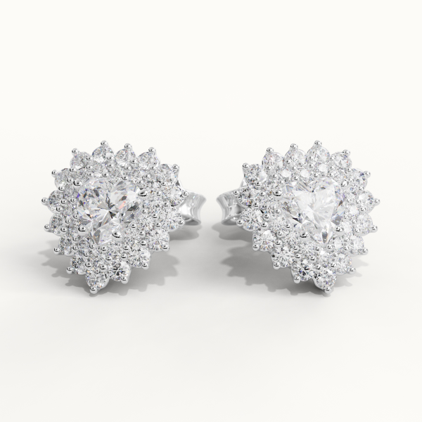 Earrings crafted in 18KT gold, featuring two GIA Certified Center Diamonds of 0.50CT each, Color F, Clarity VS1. Surrounded by 2.30CT of Natural Diamonds, Color DEF, Clarity VS. Total Carat Weight of Natural Diamonds: 3.30CT Total Weight: Approximately 8.00GR.
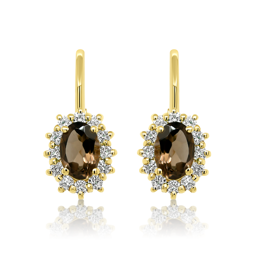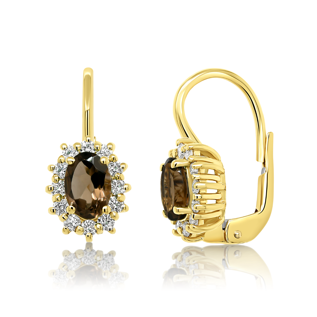 Cercei din aur galben de 14K cu Smoky Quartz și pietre cubic zirconia.
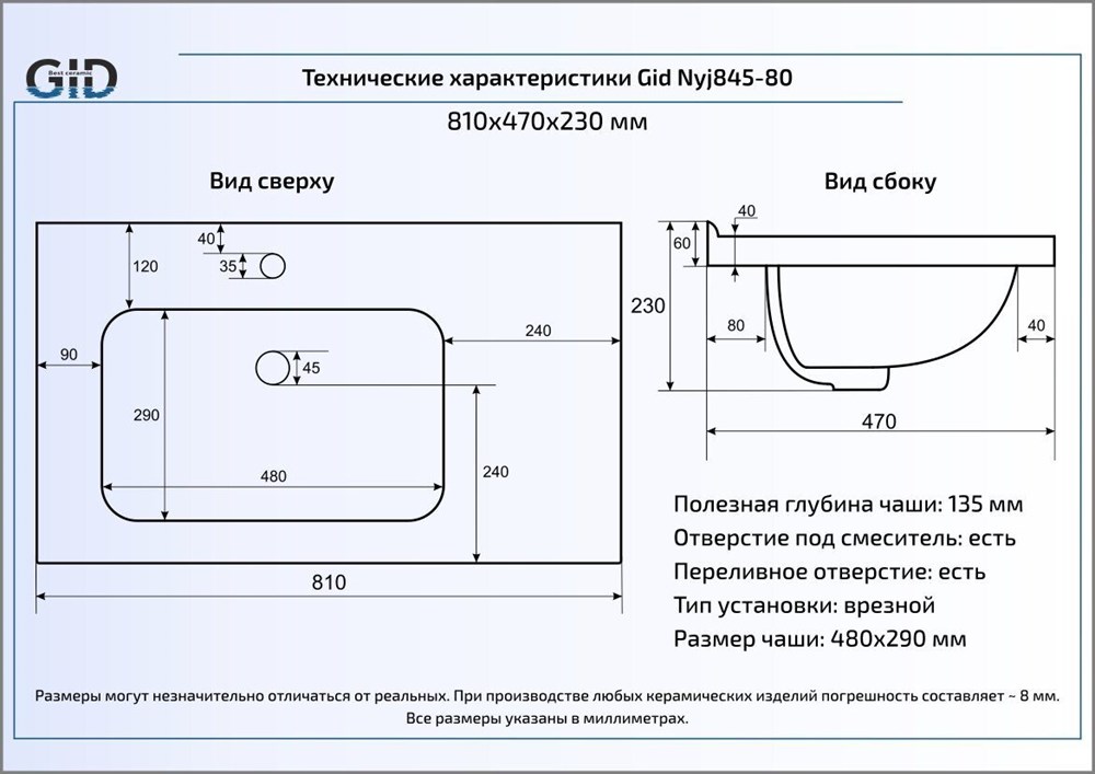 Раковина для ванной Gid Nyj845-80 монтируется в столешницу.
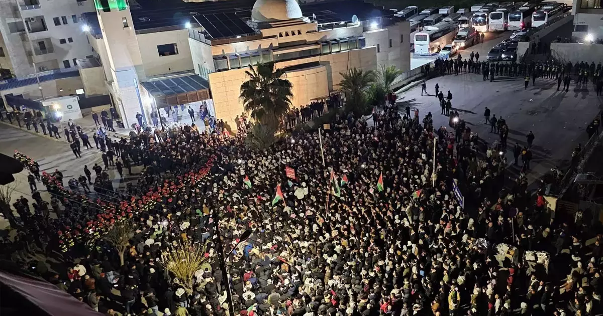 Thousands protest in Amman, the capital of Jordan, demanding the closure of the Israeli embassy.

WORK REQUEST:
From the line with "Раковина для ванной" through the end of the listing, write out every line exactly, leaving out the pictures.

ANSWER TO THE PROBLEM:
 Раковина для ванной Gid Nyj845-80 монтируется в столешницу.
 Thousands protest in Amman, the capital of Jordan, demanding the closure of the Israeli embassy.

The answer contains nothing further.